WORK ORDER: Leave out every picture, and output exactly the lines from the line containing "한창섭 상근부회장은 6월" through the last line of the data.

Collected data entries
*** Block opens ***
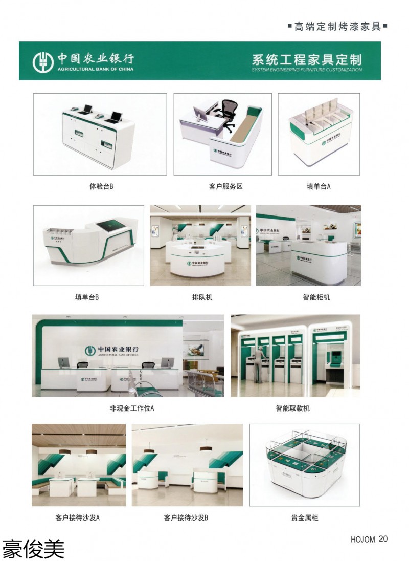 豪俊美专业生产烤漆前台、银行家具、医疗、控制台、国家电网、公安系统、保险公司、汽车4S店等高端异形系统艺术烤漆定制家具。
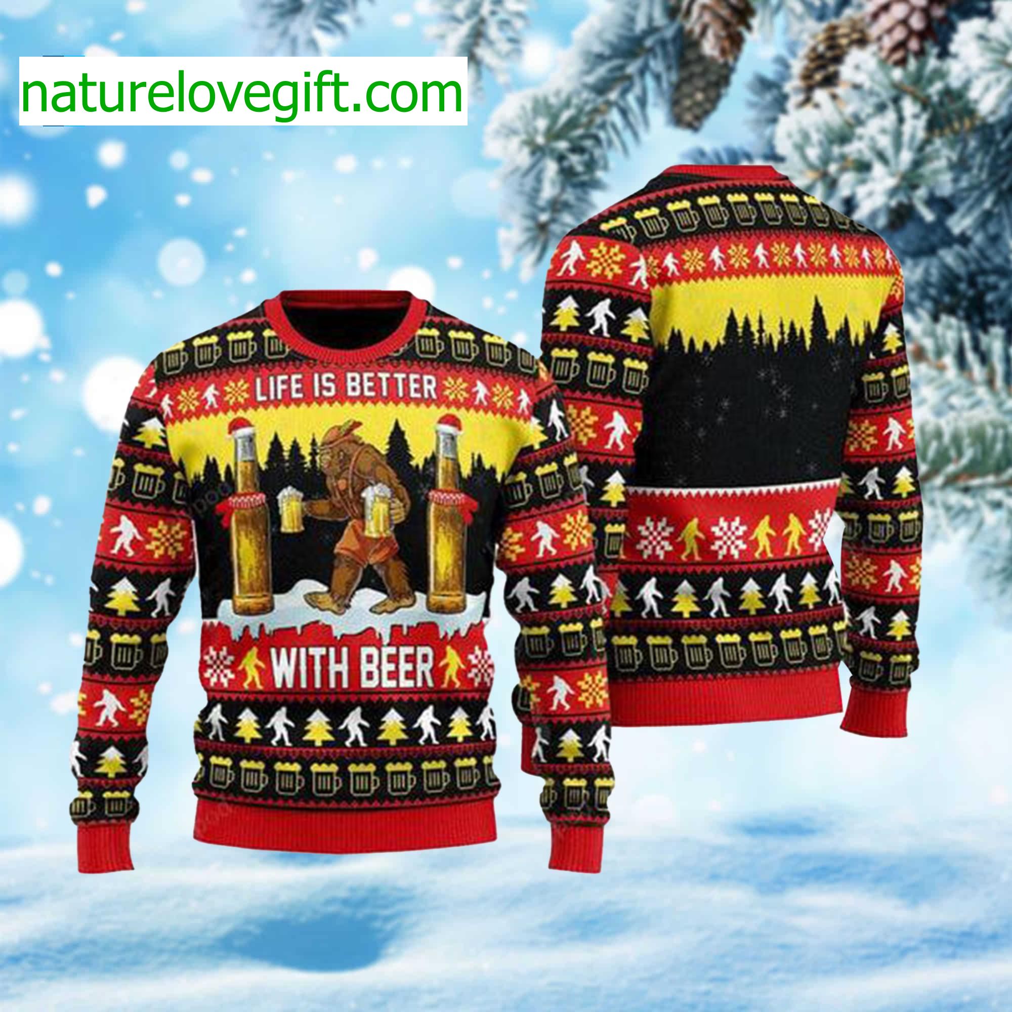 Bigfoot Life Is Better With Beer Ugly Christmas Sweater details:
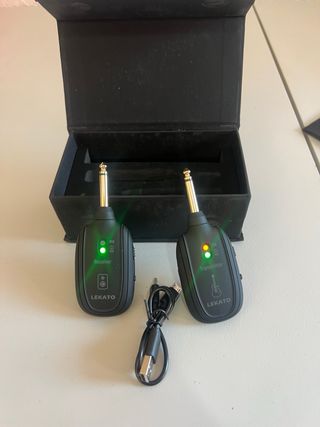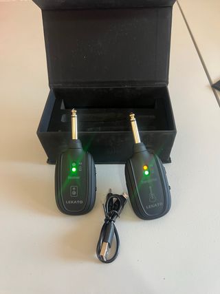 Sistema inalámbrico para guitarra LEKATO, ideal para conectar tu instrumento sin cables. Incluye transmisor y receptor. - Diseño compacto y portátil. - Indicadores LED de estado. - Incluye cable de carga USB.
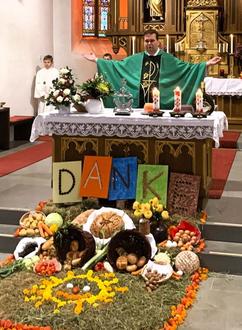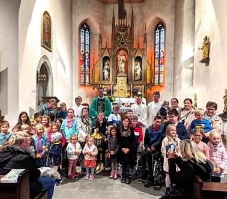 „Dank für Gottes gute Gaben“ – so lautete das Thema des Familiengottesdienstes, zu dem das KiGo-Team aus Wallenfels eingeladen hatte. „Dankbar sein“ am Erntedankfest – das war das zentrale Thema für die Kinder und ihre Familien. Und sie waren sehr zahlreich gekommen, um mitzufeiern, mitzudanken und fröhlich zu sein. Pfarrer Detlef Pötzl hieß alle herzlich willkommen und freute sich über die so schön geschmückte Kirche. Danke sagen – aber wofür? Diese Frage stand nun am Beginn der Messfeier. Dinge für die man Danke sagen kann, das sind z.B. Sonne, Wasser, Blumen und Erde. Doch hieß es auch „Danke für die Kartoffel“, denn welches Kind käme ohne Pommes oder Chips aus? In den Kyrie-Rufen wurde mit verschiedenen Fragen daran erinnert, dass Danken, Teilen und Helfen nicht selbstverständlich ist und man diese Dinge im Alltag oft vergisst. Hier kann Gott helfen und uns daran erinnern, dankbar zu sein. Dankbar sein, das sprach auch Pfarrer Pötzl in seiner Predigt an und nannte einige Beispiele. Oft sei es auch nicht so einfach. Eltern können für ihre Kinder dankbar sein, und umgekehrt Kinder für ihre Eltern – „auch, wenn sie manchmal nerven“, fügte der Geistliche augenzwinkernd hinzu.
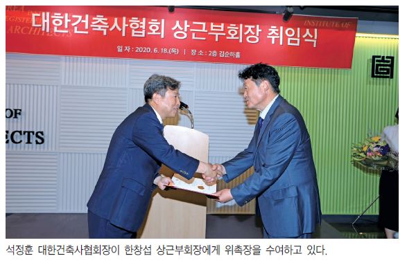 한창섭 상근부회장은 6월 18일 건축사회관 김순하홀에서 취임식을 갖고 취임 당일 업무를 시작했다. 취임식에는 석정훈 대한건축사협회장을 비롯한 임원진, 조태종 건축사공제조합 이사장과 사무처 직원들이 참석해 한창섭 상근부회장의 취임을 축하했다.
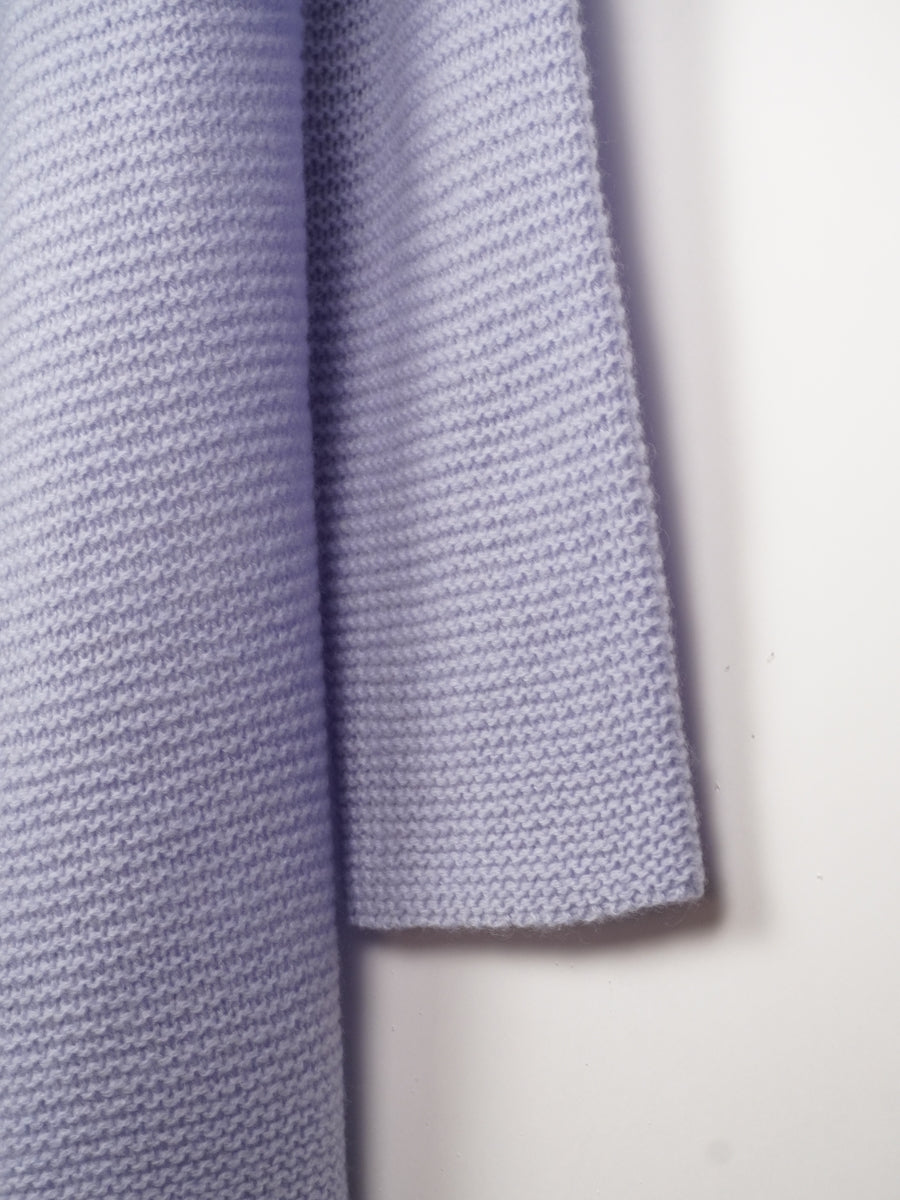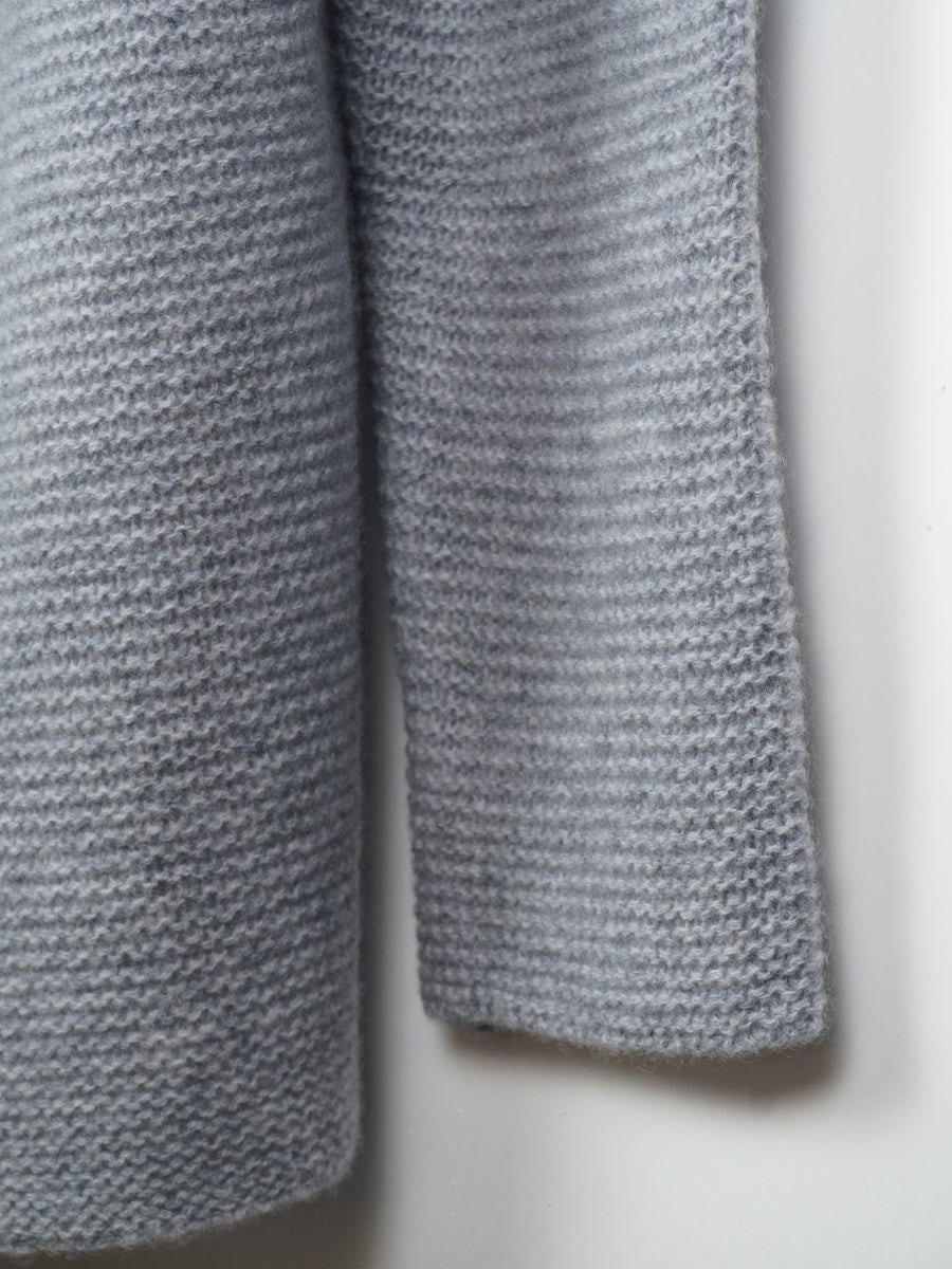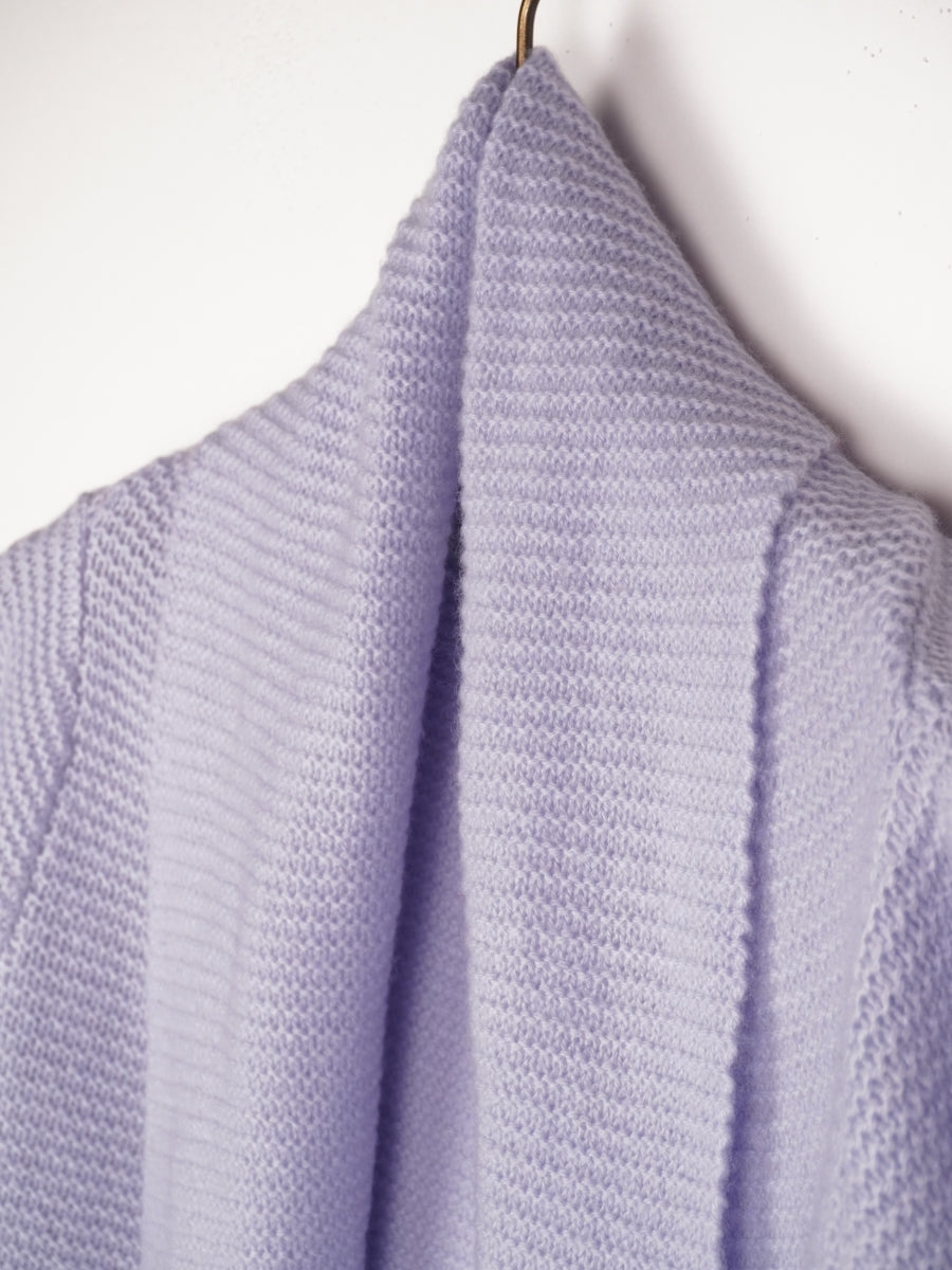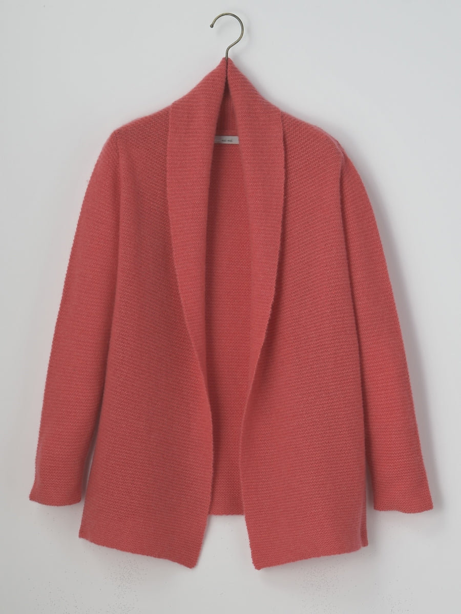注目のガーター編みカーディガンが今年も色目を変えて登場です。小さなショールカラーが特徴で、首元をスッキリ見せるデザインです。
*** Block closes ***
THE COMPLETED TASK:
 한창섭 상근부회장은 6월 18일 건축사회관 김순하홀에서 취임식을 갖고 취임 당일 업무를 시작했다. 취임식에는 석정훈 대한건축사협회장을 비롯한 임원진, 조태종 건축사공제조합 이사장과 사무처 직원들이 참석해 한창섭 상근부회장의 취임을 축하했다.
注目のガーター編みカーディガンが今年も色目を変えて登場です。小さなショールカラーが特徴で、首元をスッキリ見せるデザインです。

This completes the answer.